I'm planning a 7-day charter out of Trogir, Croatia at the end of June, and am looking for any advice, tips/tricks and information. General or specific. I'll have a co-captain (identical experience), along with 4 other adults and 6 kids (ages 4 - 11) who are all adventurous travelers, but non-sailors. We are sailing a Jeanneau 509. It's going to be quite an adventure, to say the least. 

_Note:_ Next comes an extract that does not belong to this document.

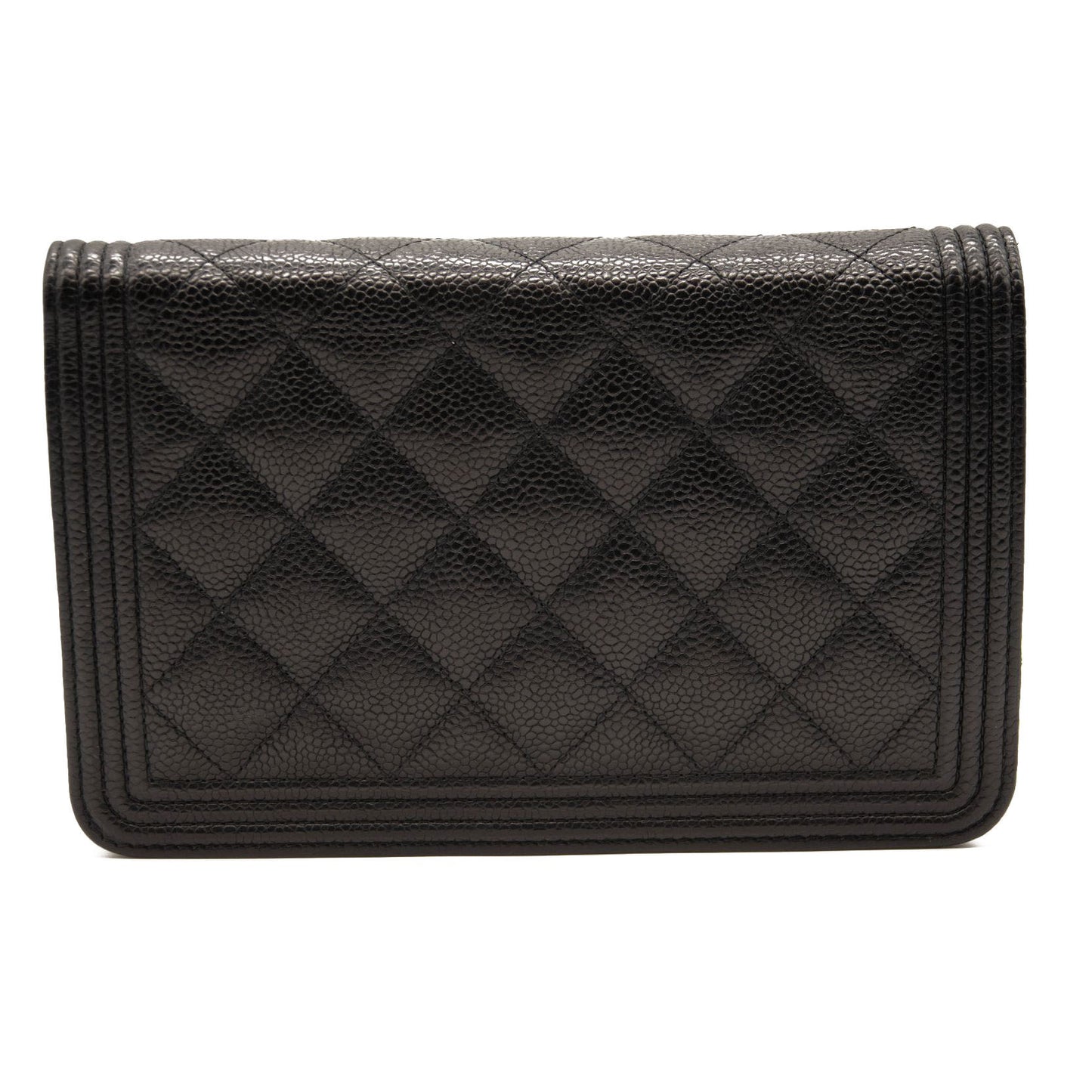 Chanel Caviar Quilted Boy Wallet On Chain WOC Black

I've started researching, plotting courses, learning weather, etc. We will be sailing out of Trogir, and heading south - Vis, Bisevo, Hvar/Pakleni islands, Brac, possibly Korcula. Specifically, looking for inspiration, recommendations, advice on where to go and where to not go. Considering my crew, definitely leaning towards more conservative sails and anchorages, e.g. sail 2-4 hours in the morning, moor/anchor for day and night to explore island. Med mooring and piloting within harbors, marinas, mooring balls definitely is on the top of the "worry" list, along with Adriatic winds.

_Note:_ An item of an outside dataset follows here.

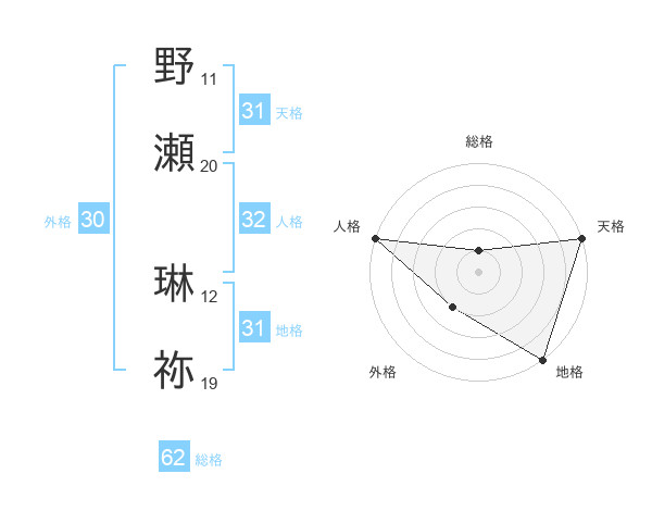 野瀬 琳祢さんを姓名の画数から五運を鑑定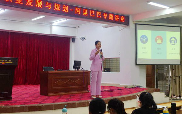 讲座第二项内容由阿里巴巴集团在海南的合作单位——海南鼎方科技集团有限公司梁晓莉总经理从“大学生该如何找工作”、“如何选择企业”、“外贸类岗位的人才需求”等方面给同学们进行了详细介绍。她风趣幽默的话语使讲座现场充满了欢声笑语。

Previous chartering experience -- twice in BVIs, once in French Riviera, and multiple times sailing Lake Superior. 16 summers sailing the mighty Mississippi in southern Minnesota.  Started out with a Hunter 32, and then have been sailing a Catalina 387 for past 5 years. Also have recent ASA 106 Advanced Coastal Cruising certification, and the ICC certification and documentation.

Many thanks in advance for any feedback. Happy sailing!!


----------



## RegisteredUser (Aug 16, 2010)

There are Croatia and Adriatic specific guide books recently published.
I would grab a couple of them and digest what they offer.

Probably the same you did for the BVIs...?
Then get extra tips learned from people here on the Internet.

Your conservative plan makes good sense for the people you are with.
Have fun and teach the children!


----------



## ScottUK (Aug 16, 2009)

I liked Korcula but Trogir itself is very nice. I also visited the other places on your list. Can't really go wrong. As been said get the book though some details are now dated. It sure beats sailing Lake Peppin.


----------



## hahler (Jan 29, 2017)

Thanks! I have the 777 Harbours and Anchorages for Croatia - great for information for anchoring and a great wealth of options. Do you know the names of any other cruising guides recently published?


----------



## chuck5499 (Aug 31, 2003)

hahler said:


> Thanks! I have the 777 Harbours and Anchorages for Croatia - great for information for anchoring and a great wealth of options. Do you know the names of any other cruising guides recently published?


There is an older Imran guide of the Adriatic but it is a bit out of date - we used it but when we got 777 we used 777 for nav purposes and the Adriatic for the site seeing ect - 
good luck and have fun


----------